[The problem] Copy the records below exactly, but leave out any picture they contain.

(Stored dataset items)
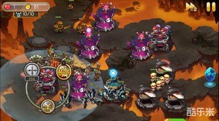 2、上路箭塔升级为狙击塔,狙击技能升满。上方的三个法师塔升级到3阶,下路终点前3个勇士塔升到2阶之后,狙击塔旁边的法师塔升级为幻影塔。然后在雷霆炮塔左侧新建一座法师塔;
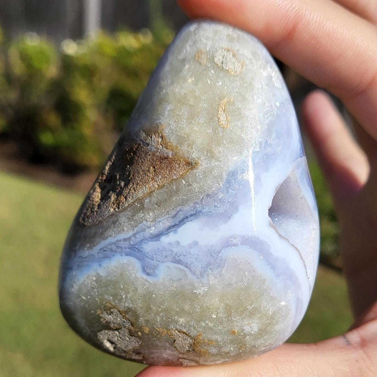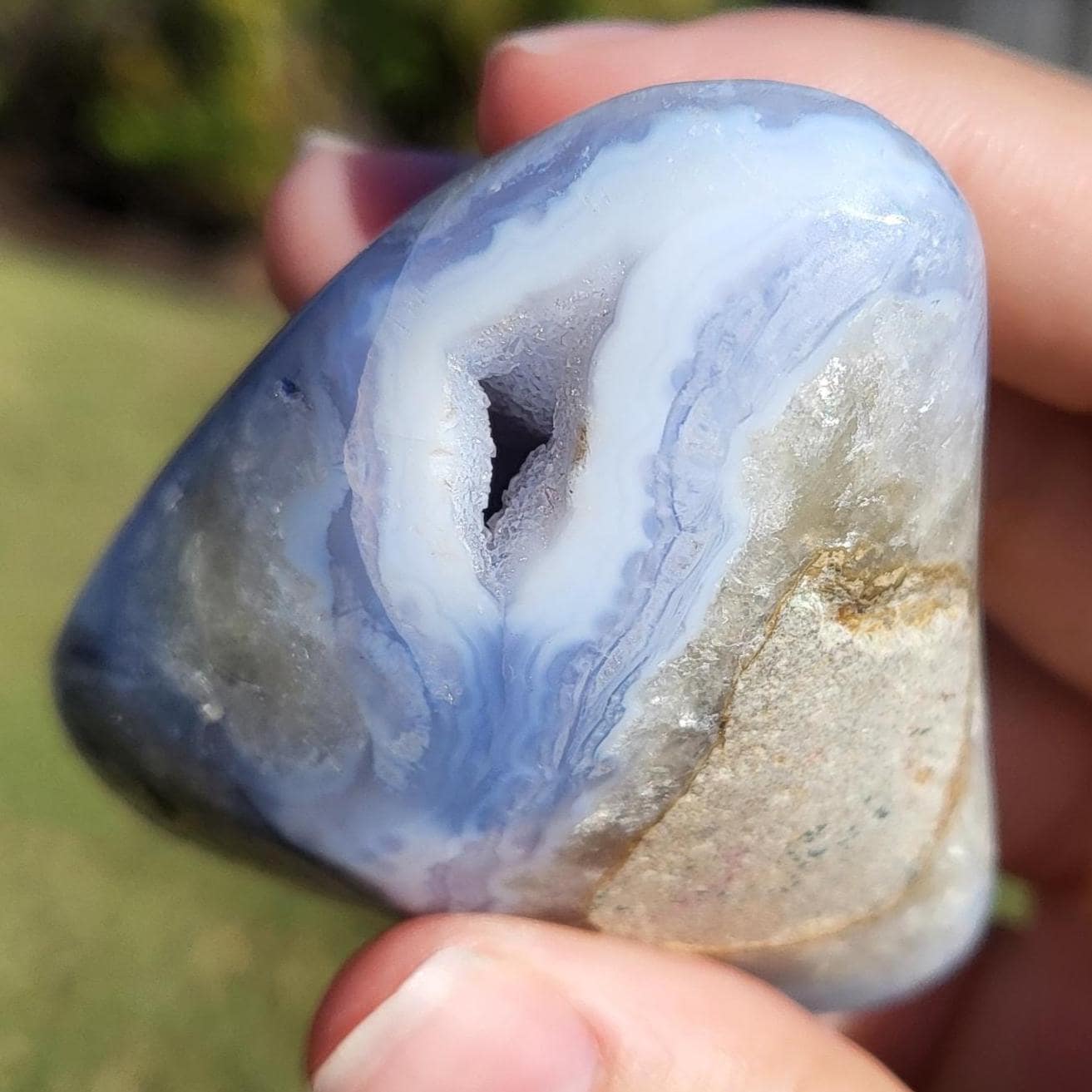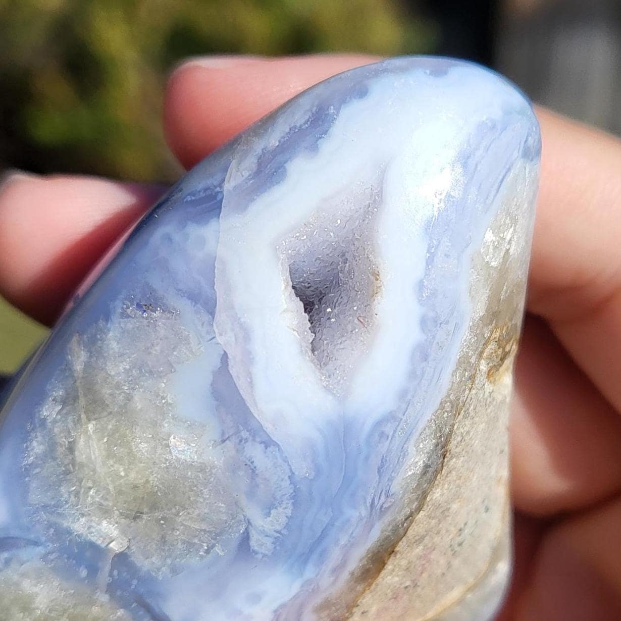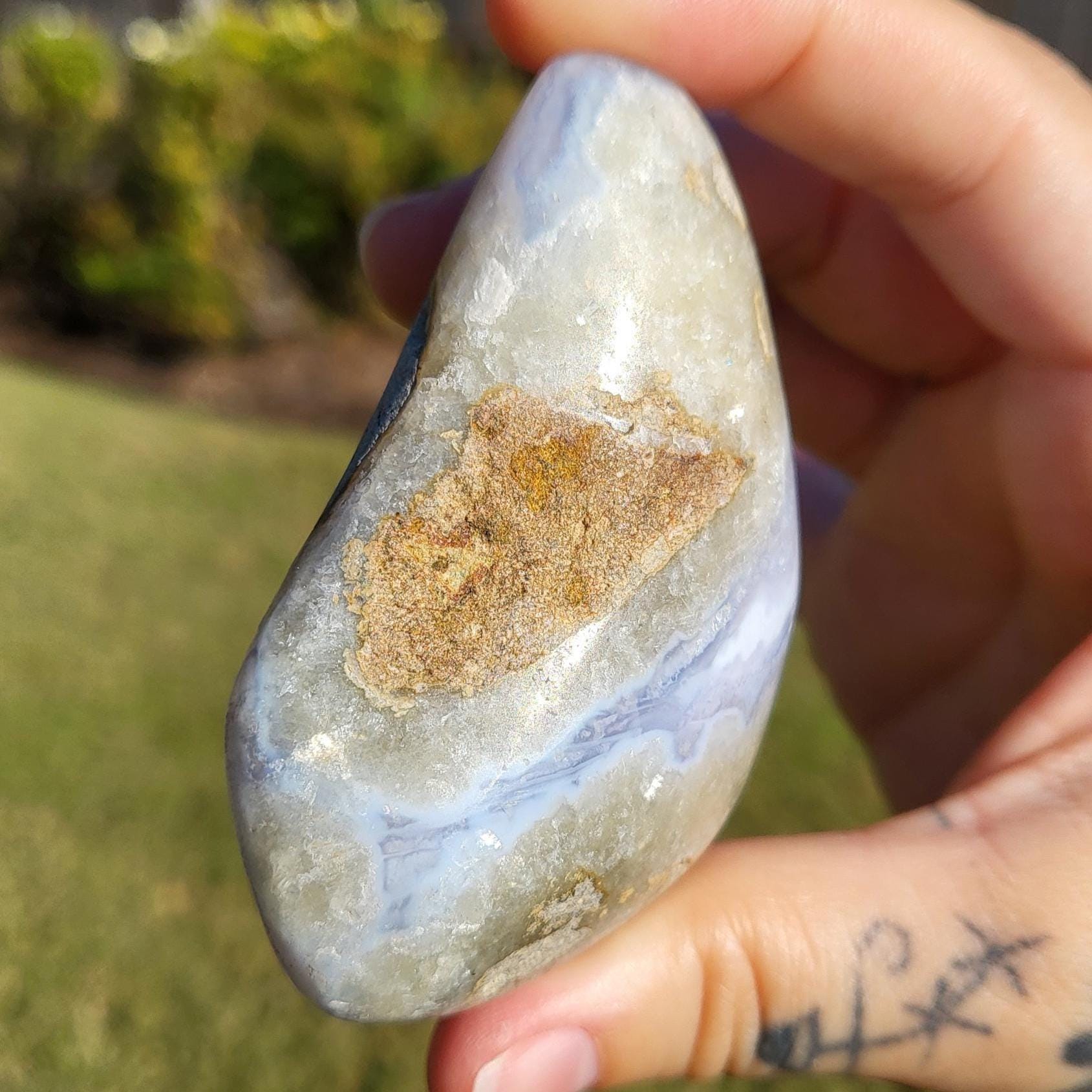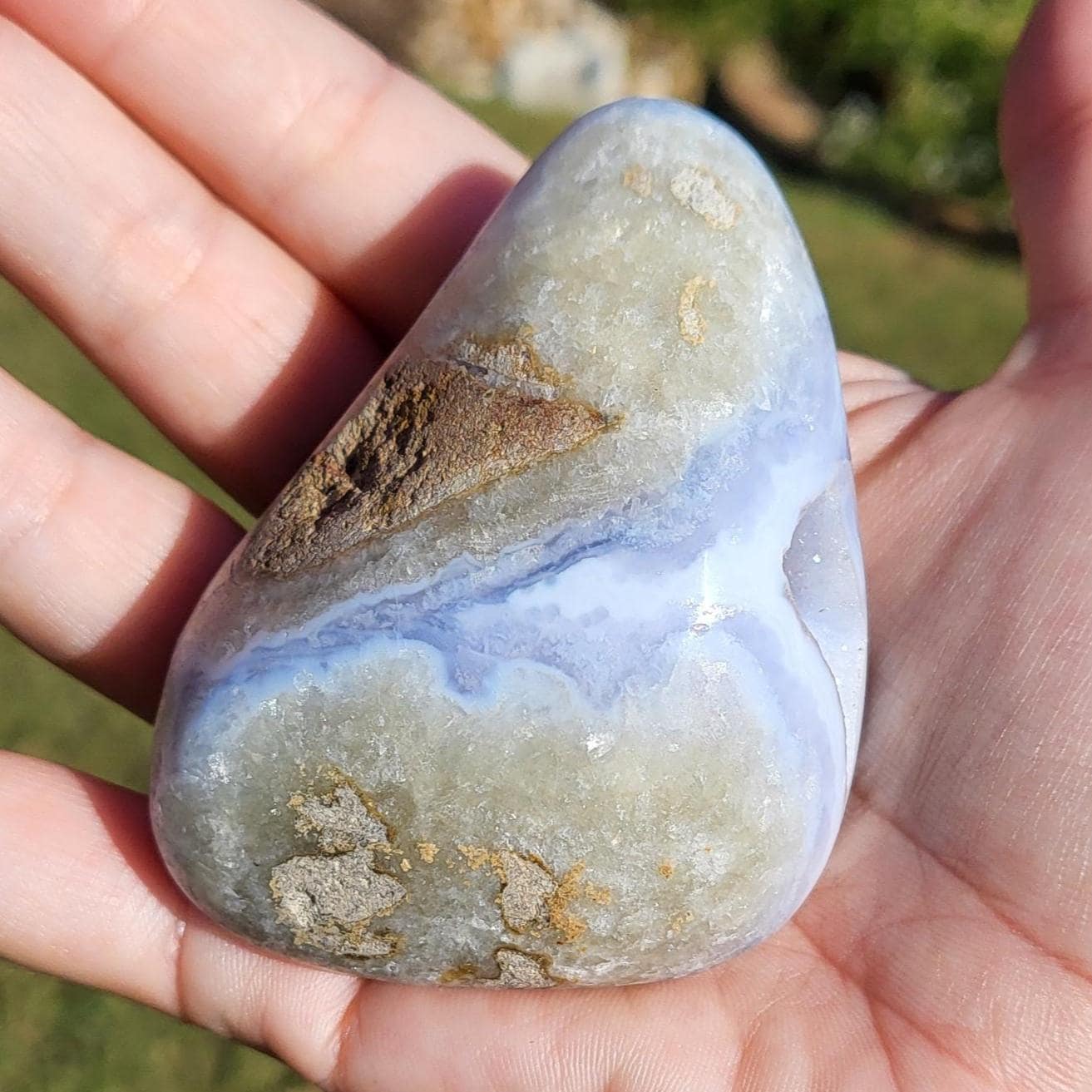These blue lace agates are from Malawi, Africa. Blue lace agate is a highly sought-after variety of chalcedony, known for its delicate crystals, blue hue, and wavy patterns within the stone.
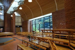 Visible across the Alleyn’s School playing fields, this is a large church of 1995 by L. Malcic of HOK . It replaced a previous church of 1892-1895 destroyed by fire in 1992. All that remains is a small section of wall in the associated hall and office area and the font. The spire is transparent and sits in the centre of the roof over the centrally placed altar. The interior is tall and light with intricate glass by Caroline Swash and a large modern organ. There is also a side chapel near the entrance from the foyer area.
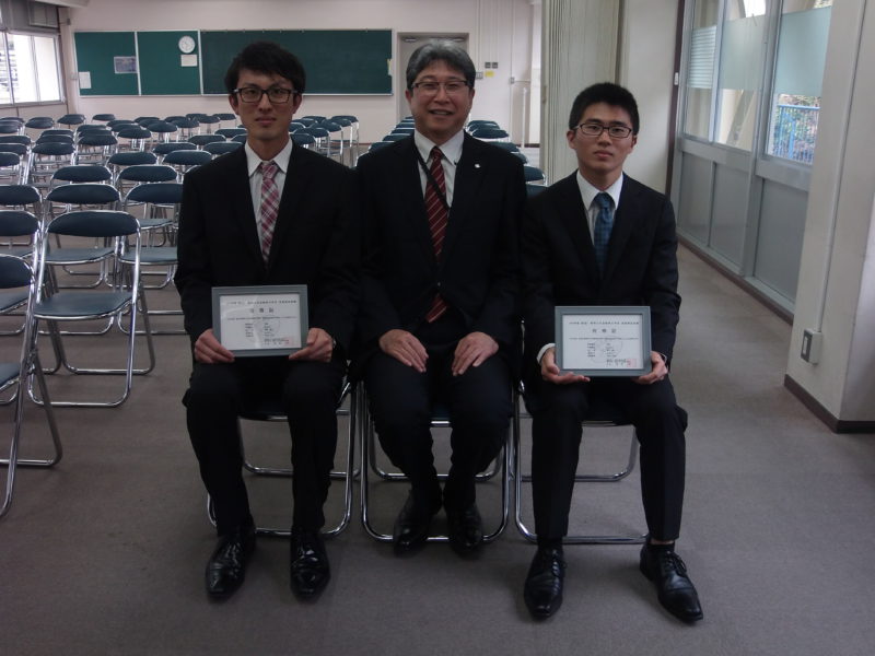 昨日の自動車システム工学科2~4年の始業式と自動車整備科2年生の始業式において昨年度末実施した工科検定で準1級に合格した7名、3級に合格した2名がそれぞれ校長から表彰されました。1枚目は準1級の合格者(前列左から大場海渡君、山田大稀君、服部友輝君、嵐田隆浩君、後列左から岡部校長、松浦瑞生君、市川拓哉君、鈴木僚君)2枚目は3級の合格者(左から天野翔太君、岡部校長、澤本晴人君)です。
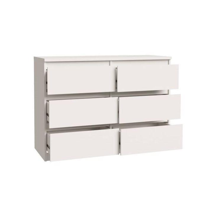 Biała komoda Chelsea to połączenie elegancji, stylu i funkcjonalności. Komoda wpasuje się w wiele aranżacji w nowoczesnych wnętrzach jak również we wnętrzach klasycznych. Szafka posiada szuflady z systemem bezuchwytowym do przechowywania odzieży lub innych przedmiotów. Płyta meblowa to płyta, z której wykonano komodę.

[Answer for this exercise]
 2、上路箭塔升级为狙击塔,狙击技能升满。上方的三个法师塔升级到3阶,下路终点前3个勇士塔升到2阶之后,狙击塔旁边的法师塔升级为幻影塔。然后在雷霆炮塔左侧新建一座法师塔;
These blue lace agates are from Malawi, Africa. Blue lace agate is a highly sought-after variety of chalcedony, known for its delicate crystals, blue hue, and wavy patterns within the stone.
 Visible across the Alleyn’s School playing fields, this is a large church of 1995 by L. Malcic of HOK . It replaced a previous church of 1892-1895 destroyed by fire in 1992. All that remains is a small section of wall in the associated hall and office area and the font. The spire is transparent and sits in the centre of the roof over the centrally placed altar. The interior is tall and light with intricate glass by Caroline Swash and a large modern organ. There is also a side chapel near the entrance from the foyer area.
 昨日の自動車システム工学科2~4年の始業式と自動車整備科2年生の始業式において昨年度末実施した工科検定で準1級に合格した7名、3級に合格した2名がそれぞれ校長から表彰されました。1枚目は準1級の合格者(前列左から大場海渡君、山田大稀君、服部友輝君、嵐田隆浩君、後列左から岡部校長、松浦瑞生君、市川拓哉君、鈴木僚君)2枚目は3級の合格者(左から天野翔太君、岡部校長、澤本晴人君)です。
 Biała komoda Chelsea to połączenie elegancji, stylu i funkcjonalności. Komoda wpasuje się w wiele aranżacji w nowoczesnych wnętrzach jak również we wnętrzach klasycznych. Szafka posiada szuflady z systemem bezuchwytowym do przechowywania odzieży lub innych przedmiotów. Płyta meblowa to płyta, z której wykonano komodę.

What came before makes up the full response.